Wednesday, September 29, 2004

HAVE FAITH BUT VERIFY: Somewhat related to the last post: The faith-based initiative has never been one of my major complaints with the Bush Administration. For one thing, frankly, detailed discussions of welfare or housing or public health policy don’t always rivet my attention. For another thing, my children have gone to church-affiliated day care centers, with which all in all we’ve been very satisfied. No heavy proselytizing; they just provide a much-needed service in an effective way. These centers have been in business for over 25 years, so I know that faith-based social services are not an entirely new thing, nor an inherently scary thing. So I haven't been an absolutist about the separation of church and state. As long as the state doesn’t anoint one faith as the official one, I figure some cooperation is okay.

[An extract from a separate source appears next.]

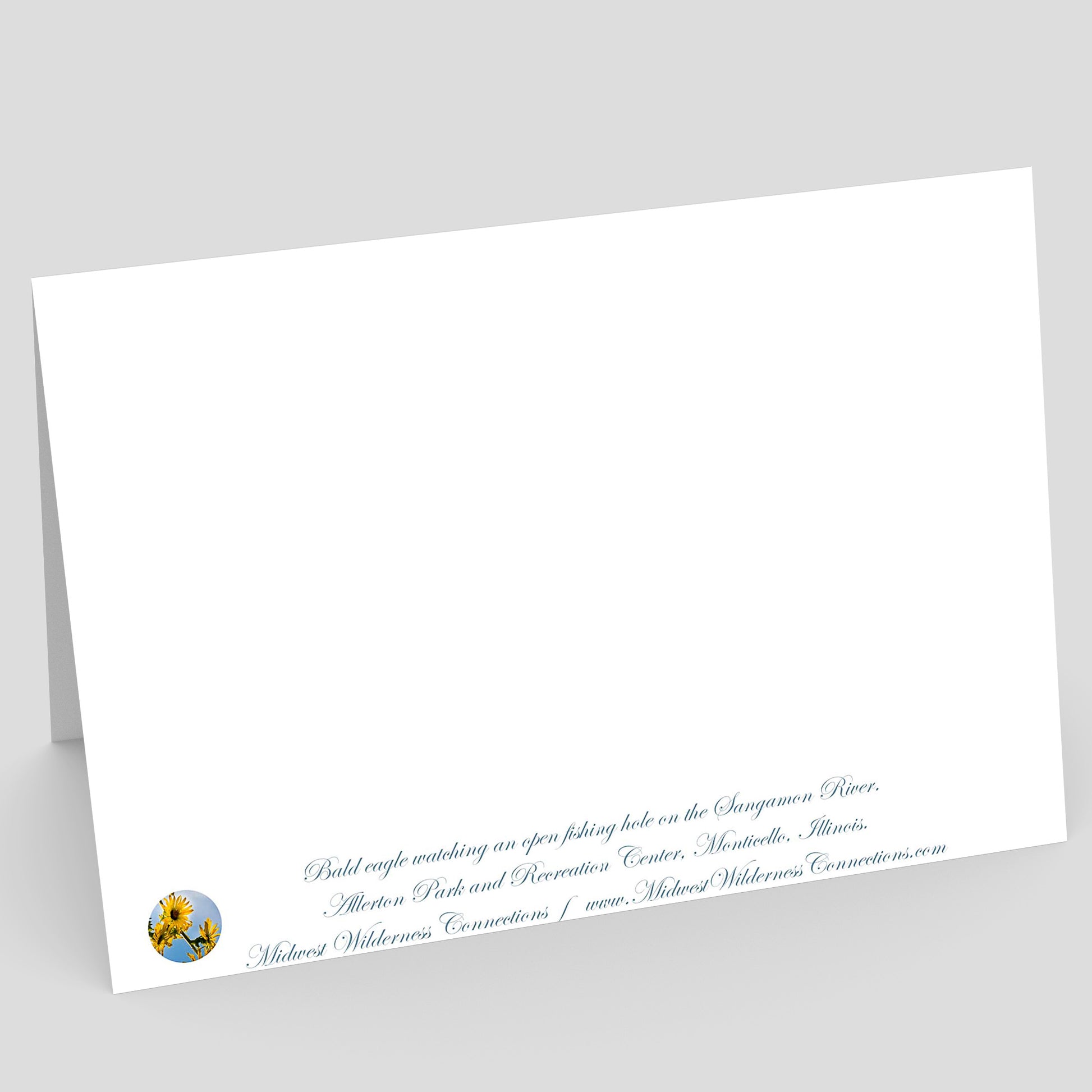 - L'emplacement et la description de la photo, ainsi que le logo et l'adresse du site Web de Midwest Wilderness Connections, sont imprimés le long du bord inférieur du dos de la carte.

However, I got to attend a conference last week which looked at this issue from the point of view of congregations themselves, and congregations are something I get paid to be interested in. One of the invited guests was this guy, an expert on faith-based policies. He gave just a brief synopsis of his work, but it was very enlightening. Far from being a recent innovation or a spontaneous movement of the spirit, faith-based social programs are the result of years of groundwork by conservative philanthropic groups who wanted to get government to do their bidding. And it’s worked; more and more, government spouts the conservative narrative of cultural devolution and moral rot. (Think William Bennett.) Faith-based initiatives are a really handy talking point for the Republicans to rally their white conservative base, and they help chip off some votes in the black and Latino communities (which are more socially conservative than some white Democrats realize).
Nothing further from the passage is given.